気管支拡張症に聴かれた吸気前半の水泡音と吸気後半の笛音


過敏性肺炎の捻髪音


【大学における研究】
 日本は名目GDPの世界第三位を誇る先進国で輸出立国として君臨してきた。しかし近年、医薬品に関しては数兆円の輸入超過となり、医薬品を含めた医療資材関連支出の増大は国家予算を急速に圧迫している。遅ればせながら、やっと日本政府は日本発の医療資材および技術開発へ集中的な予算配分を開始している。その開発を担う拠点となるのが、先進国日本の大学そのものであることに誰しも異論はない。我々が参加している文科省「次世代がん研究戦略推進プロジェクト」もそのひとつである。

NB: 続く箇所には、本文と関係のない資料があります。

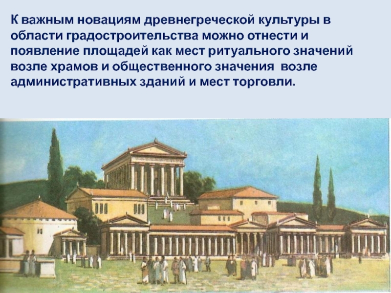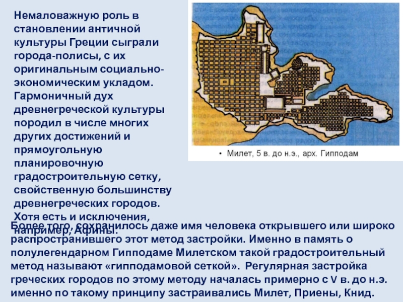 числе многих других достижений и прямоугольную планировочную градостроительную сетку, свойственную большинству древнегреческих городов. Хотя есть и исключения, например, Афины.

 将来、日本は少子化が進み衰退していく中、昔日に回帰し大学医学部と医学専門学校へ分化し、予算配分が差別化すると推測される。現実、特定機能病院の要件が厳しくなっているのは、その前兆と思われる。将来を展望し、大学の生き残りをかけて臨床、研究、そして教育ができる優秀な人材を集結させ、誇り高き日本の発展に資することを願うばかりである。